Сенека приветствует Луцилия! ,

(1) Нашего Либералиса1 опечалила весть о пожаре, дотла спалившем Лугдунскую колонию2. Такое несчастье хоть кого взволнует, — что же говорить о человеке, который так любит родной город! Вот и вышло так, что ему понадобилась вся твердость духа, которую он закалял против любых бед, каких только можно опасаться, как ему казалось. А такого неожиданного и, пожалуй, неслыханного бедствия не боялись, и я этому не удивляюсь: ведь не бывало даже таких примеров! Многие города страдали от огня, — ни один не был уничтожен. Даже там, где дома поджигала вражеская рука, во многих местах пламя гасло, и хоть его тем временем раздували, редко оно пожирало все и ничего не оставляло оружию. Даже и землетрясенья вряд ли бывали такими сильными и пагубными, чтобы разрушить целые города. И нигде, в конце концов, не случалось таких пожаров, чтобы ничего не осталось для другого пожара. (2) А тут столько прекрасных творений, каждое из которых могло бы прославить любой город, погубила одна ночь; в самую мирную пору случилось такое, чего и на войне нет причин бояться. Кто бы мог поверить? Теперь, когда во всем мире царит спокойствие, приходится спрашивать, где Лугдун, украшенье Галлии! Фортуна, если настигала бедою целую общину, всегда давала возможность бояться предстоящих испытаний. Все великое рушилось в течение некоего срока, а здесь вечером был огромный город — утром его не было. Я дольше рассказываю тебе о его гибели, чем он погибал. (3) Все это надломило дух нашего Либералиса, несгибаемый и стойкий перед его собственными горестями. И не без причины: все неожиданное гнетет нас сильнее, невиданность прибавляет тяжести бедствиям, всякий смертный, удивляясь, горюет больше.

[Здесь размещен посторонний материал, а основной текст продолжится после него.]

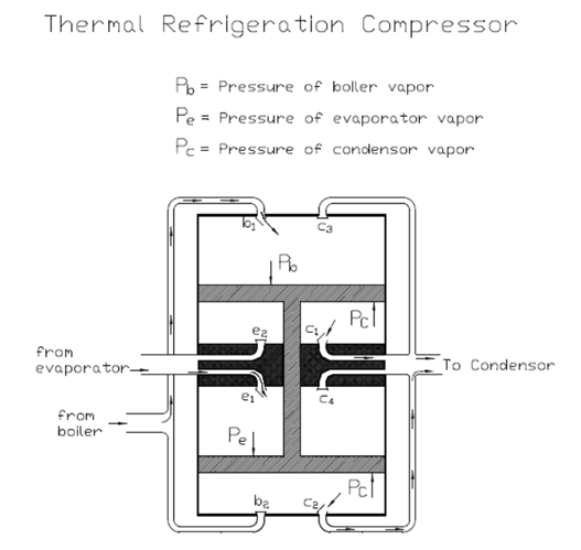The compressor is shown with four valves open, valves b1, e1, c1 & c2. The pressures involved are from boiler vapor pressure, evaporator vapor pressure, and condenser vapor pressure. Force equals the Pressure times Area of the piston so we can, in this instance, use force or pressure interchangeably in the equations. The boiler pressure plus the evaporator pressure, together, must be greater than the two condenser pressures: Pb + Pe > Pc + Pc. At the end of the stroke, the four valves close and the other four valves open causing the piston to return to its top position. The cycle completes and begins again as long as the pressures in the boiler and evaporator combine to be more than twice the pressure in the condenser.
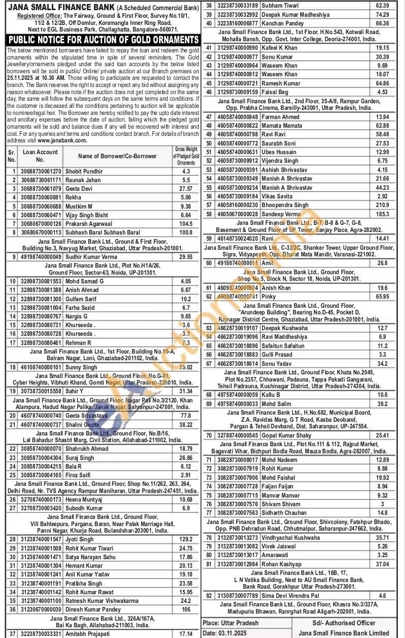 Jana Small Finance Bank Gold Auctions Auction in Noida
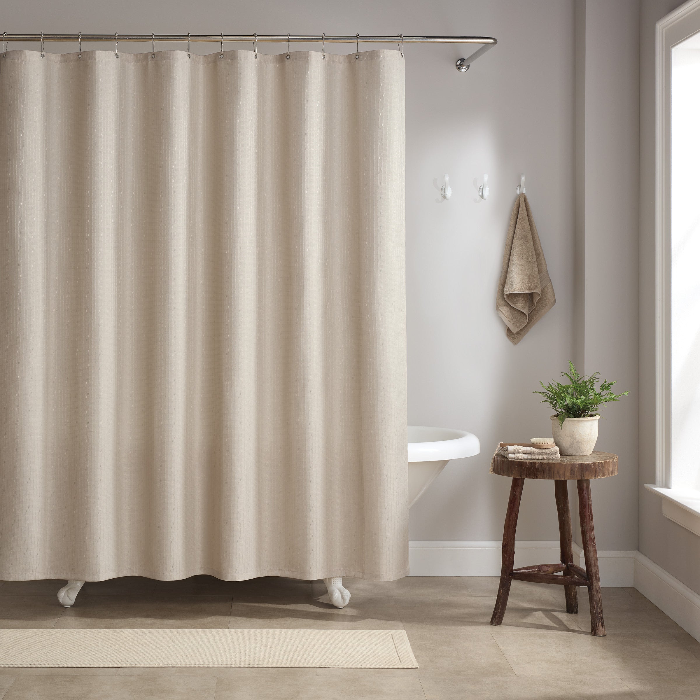 This stunning premium quality shower curtain set has a lovely solid color jacquard and is designed with an intricate woven stripe and grid pattern with a subtle raindrop stitch overlay, creating instant appeal. This premium quality shower curtain...  Read more

(4) Поэтому ничто не должно заставать нас врасплох. Нужно посылать душу навстречу всему и думать не о том, что случается обычно, а о том, что может случиться. Есть ли что-нибудь, чего фортуна при желании не сгубила бы в самом расцвете? на что бы не напала и не ударила тем грознее, чем ярче оно блистало? Есть ли трудное и недоступное для нее? (5) Она налетает не всегда одним путем, не всегда проходит его до конца; иногда она поражает нас нашими же руками, иногда, довольствуясь собственными силами, находит опасности без виновника. Безопасного времени нет. В разгаре наслаждений зарождаются причины боли; в мирную пору начинается война и оплоты безопасности делаются источниками страха; друг становится недругом, союзник — врагом. Летнее затишье разражается внезапной бурей хуже зимней; мы терпим все, что терпят от врагов, хотя их у нас нет, и если не имеется других причин для пораженья, их находит в самом себе чрезмерное счастье. Самых воздержных настигает болезнь, самых здоровых — чахотка, самых невинных — кара, самых нелюдимых — смута. Иногда случай избирает нечто новое, чтобы настигнуть своею силой позабывших о нем. (6) Что по строило ценою великих трудов, при великой благосклонности богов долгое время, то один день рушит и опрокидывает. Кто сказал «один день», тот дал долгий срок поспешающим бедам: довольно часа, мига, чтобы низвергнуть державу! Было бы некоторым утешеньем в нашем бессилии и в наших обстоятельствах, если бы все погибало так же медленно, как возникает; но нет, медлителен только прирост, ущерб тороплив. (7) Все непрочно — и частное, и общественное; судьба городов, как судьба людей, вертится колесом. Среди полного спокойствия встает ужас; нигде нет причин для смятенья — а беды налетают, откуда мы их меньше всего ждем. Царства, устоявшие и в междоусобных, и во внешних войнах, рушатся без всякого толчка. Много ли государств благополучно пережили счастье?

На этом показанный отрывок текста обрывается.